Curly quotes causing Java Scanner hasNextLine() to be false -- why?

Curly quotes causing Java Scanner hasNextLine() to be false -- why? - java

I've been having an issue getting the java.util.Scanner to read a text file I saved in Notepad, even though it works fine with others. Basically, when it tries to read the problem file, it comes up completely empty handed -- hasNextLine() is false, buffer is empty, etc. I narrowed it down to the fact that it won't even read the first line if there is a curly quote anywhere in the file. No exceptions are thrown. Note that a BufferedReader on the same file doesn't have a problem.
try {
int count = 0;
Scanner scanner = new Scanner(new File("C:/myfile.txt"));
while (scanner.hasNextLine()) {
count++;
scanner.nextLine();
}
scanner.close();
System.out.print(count);
count = 0;
BufferedReader reader = new BufferedReader(new FileReader("C:/myfile.txt"));
while (reader.readLine() != null) {
count++;
}
reader.close();
System.out.print(count);
}
catch(IOException e) {
e.printStackTrace();
}
The above code, reading a file that contains nothing but a single curly quote, prints out "01". Searches on Google led me to try this:
Scanner scanner = new Scanner(new File("C:/myfile.txt"), "ISO-8859-1");
This makes it work (ie. it prints out "11"). I also noticed that if I go into Notepad and do a Save As... the default encoding at the bottom is "ANSI." If I change this to "UTF-8" and save the file, then the scanner (without an encoding) also works. If I tell the scanner "UTF-8", then understandably it only works if I save as UTF-8, but "ISO-8859-1" seems to make it work even if I save it as "ANSI".
So, I know it has something to do with file encoding, but the problem is I don't understand anything about file encoding. My knowledge of what "ISO-8859-1" means is extremely vague; why does that make it work no matter how I save the file? Why does BufferedReader work regardless?
EDIT:
The links/comments below really helped point me in the right direction! I think I've got it figured out.
First of all, in Notepad:
"ANSI" is CP1252
"Unicode" is UTF-16LE
"UTF-8" is... well, UTF-8
In hexadecimal, a curly apostrophe is represented as:
CP1252: 92
UTF-16LE: 1920
UTF-8: E2 80 99
The default encoding Java uses on my system, according to Charset.defaultCharset(), is UTF-8. So when I saved the file in UTF-8, the scanner knew what to expect. When I saved the file in CP1252, however, it choked once it hit that "92", because it's not a valid way to represent a character in that encoding. It works fine as long as there aren't any such chracters in the file -- the hex for "hello world" happens to be the same in both CP1252 and UTF-8 and doesn't happen to cause a problem.
UTF-8 doesn't work with a UTF-16 file, because it doesn't know what to do with the byte order mark ("FFFE"), regardless of what characters are in the file.
On the other hand, when I set the scanner to CP1252 or ISO-8859-1, it's much more tolerant. It doesn't necessarily interpret the characters correctly, mind you, but there's nothing that prevents it from recognizing lines in the file and looping through.
As far as why Scanner has a problem but the FileReader/BufferedReader does not, I am going to guess that it's because the scanner needs to tokenize the file, ie. interpret the characters so it can identify whitespace and other patterns, so it chokes when there's something unrecognizable. The reader doesn't need to do that. All it needs to identify are the line breaks.

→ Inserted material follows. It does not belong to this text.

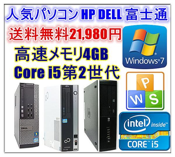 - 中古パソコン Windows 7 Pro 64bit Office付 人気 NEC HP DELL 富士通 第二世代Core i5 2400-3.10GHz〜 メモリ4G HD250GB DVD

If you don't specify an encoding when you create the scanner it will try to divine the encoding based on a byte order mark (BOM), which is the first few bytes of a file. If it doesn't have one, it will default to whatever default the OS uses. Since you're using Windows, the default is cp-1252. It seems that notepad is saving your text file using ISO-8859-1 which is similar, but not that same as cp-1252. See this link for more details:
http://www.i18nqa.com/debug/table-iso8859-1-vs-windows-1252.html
When you save it as UTF-8, it probably places the UTF-8 BOM at the beginning of the file and the scanner can pick up on it.
If you want to look more into BOM, look it up in wikipedia--the article is quite good. You can also download PSPad and open the text file in hex mode to see the individual bytes. Hope that helps :)

Scanner's hasNextLine method will just return false if it encountered encoding error in the input file. Without any exception. This is frustrating, and it is not documented anywhere, even in JDK 8 documentation.
If you just want to read a file line-by-line, use this instead:
final BufferedReader input = new BufferedReader(new InputStreamReader(new FileInputStream("inputfile.txt"), "inputencoding"));
while (true) {
String line = input.readLine();
if (line == null) break;
// process line
}
input.close();
Make sure the inputencoding above is replaced with the correct encoding of the file. Most likely it is utf-8 or ascii. Even if the encoding mismatches, it won't prematurely terminate like Scanner.

Some time ago I had similar problem with configuration file which was edited by the user. Because I never know what type of editor user will use I try this:
org.mozilla.universalchardet.UniversalDetector
available from here:
https://code.google.com/p/juniversalchardet/
The detecting char encoding is not simple thing so I can't be sure if this library works at any condition, but for me was sufficient. Have a look, maybe will help somehow to detect your encoding and later set it to Scanner.

Related

Fix mixed encoding in string

I have a file which contains the following string:
AAdοbe Dοcument Clοud
if viewed in Notepad++. In hex view the string looks like this:
If I read the file with Java the string looks like this:
AAdÎ¿be DÎ¿cument ClÎ¿ud
How I can get the same encoding in Java as with Notepad++?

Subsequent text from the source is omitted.